The study of hydrogen stable isotopes began with the discovery of deuterium by chemist Harold Urey. Even though the neutron was not realized until 1932, Urey began searching for "heavy hydrogen" in 1931. Urey and his colleague George Murphy calculated the redshift of heavy hydrogen from the Balmer series and observed very faint lines on a spectrographic study. To intensify the spectroscopic lines for publishable data, Murphy and Urey paired with Ferdinand Brickwedde and distilled a more concentrated pool of heavy hydrogen, now called deuterium. This work on hydrogen isotopes won Urey the 1934 Nobel Prize in Chemistry.

Also in 1934, scientists Ernest Rutherford, Mark Oliphant, and Paul Harteck, produced the radioisotope tritium (hydrogen-3, ³H) by hitting deuterium with high-energy nuclei.

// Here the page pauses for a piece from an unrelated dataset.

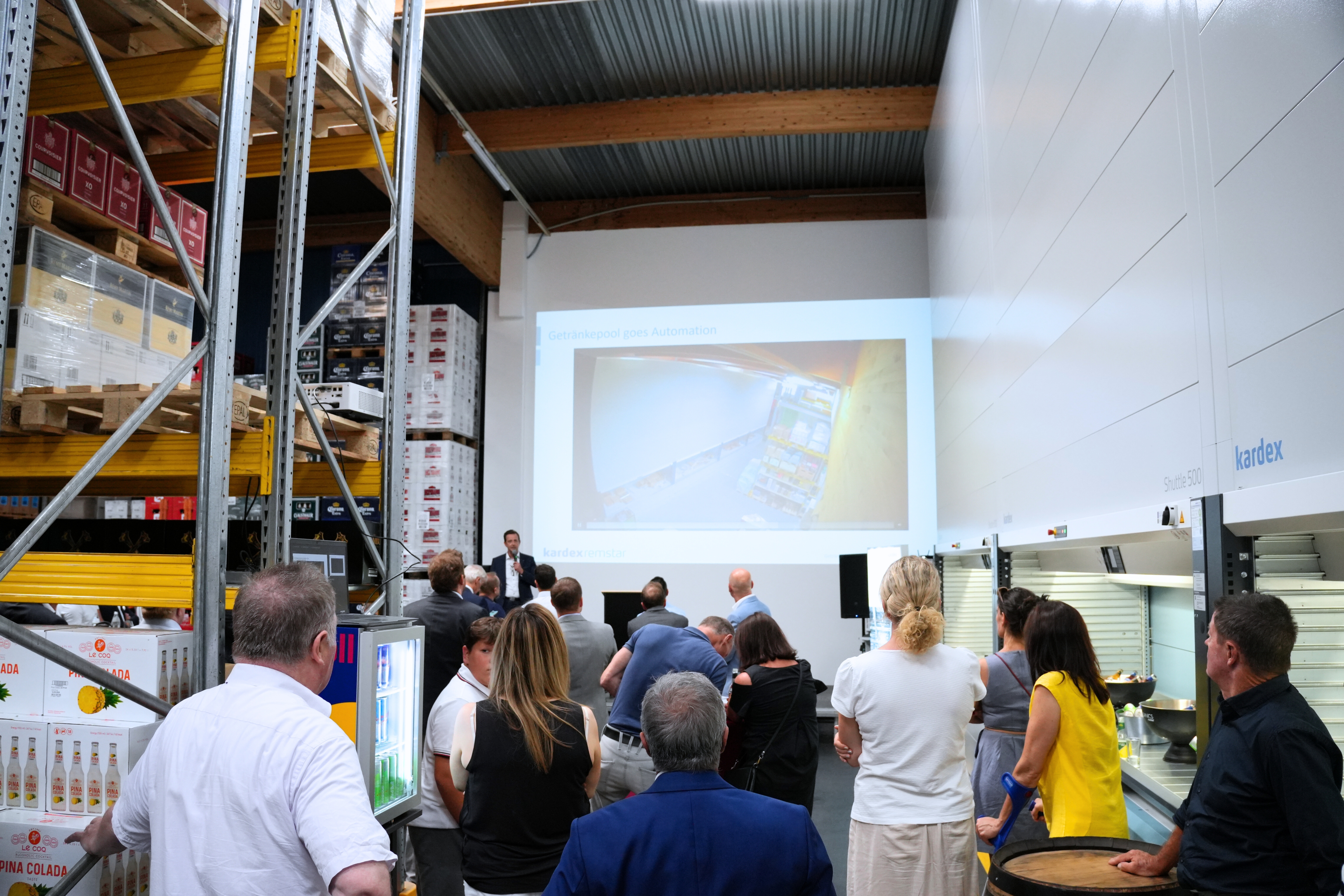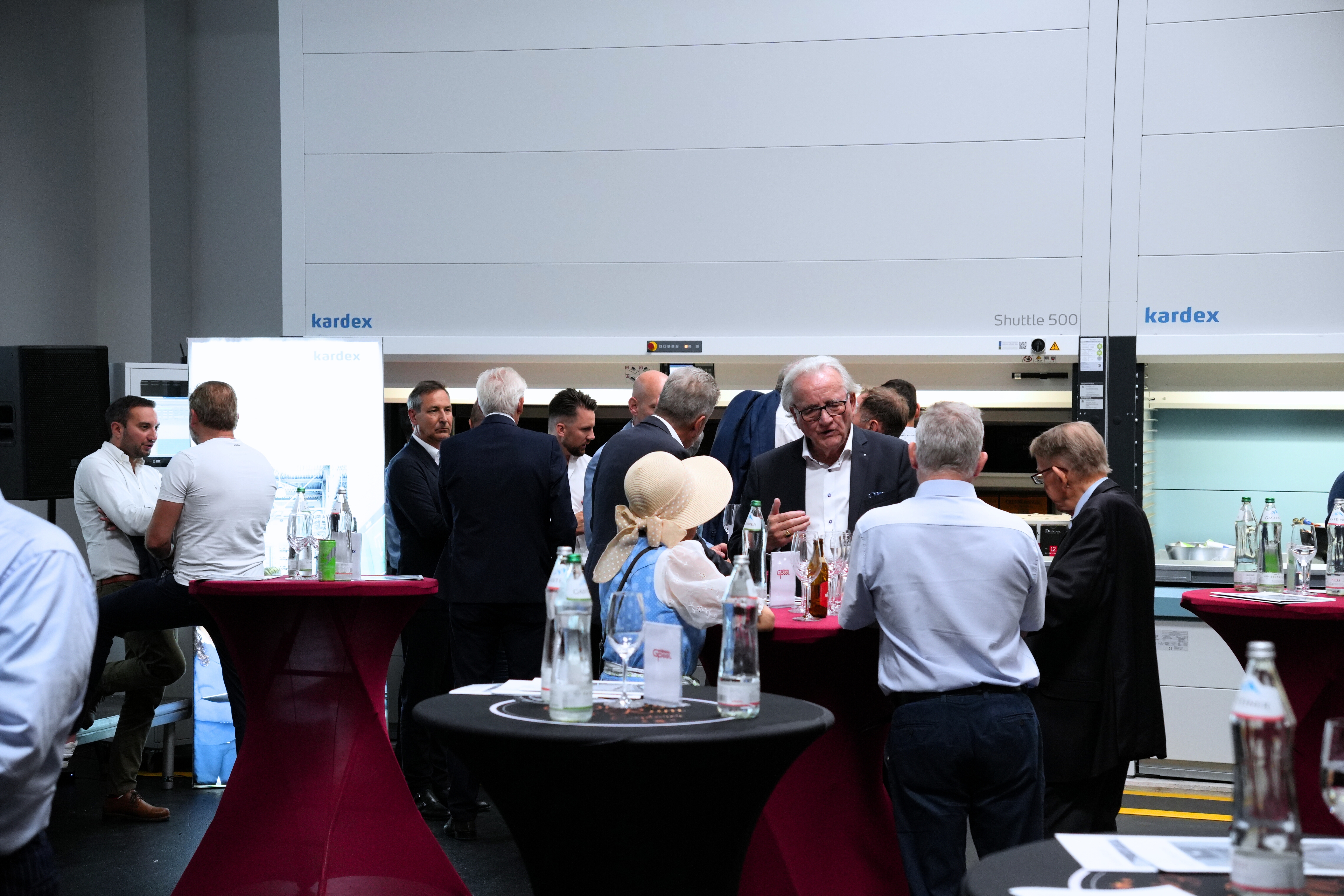 Get-Together der Gäste nach der offiziellen Eröffnung der neuen Automatisierungsanlage von Getränkepool

The deuterium used in the experiment was a generous gift of heavy water from UC Berkeley physicist Gilbert N. Lewis. Bombarding deuterium produced two previously undetected isotopes, helium-3 (³He) and ³H. Rutherford and his colleagues successfully created ³H, but incorrectly assumed that ³He was the radioactive component. The work of Luis Walter Alvarez and Robert Cornog first isolated ³H and reversed Rutherford's incorrect notion. Alvarez reasoned that tritium was radioactive, but did not measure the half-life, though calculations at the time suggested >10 years. At the end of World War II, physical chemist Willard Libby detected the residual radioactivity of a tritium sample with a Geiger counter, providing a more accurate understanding of the half-life, now accepted as 12.3 years.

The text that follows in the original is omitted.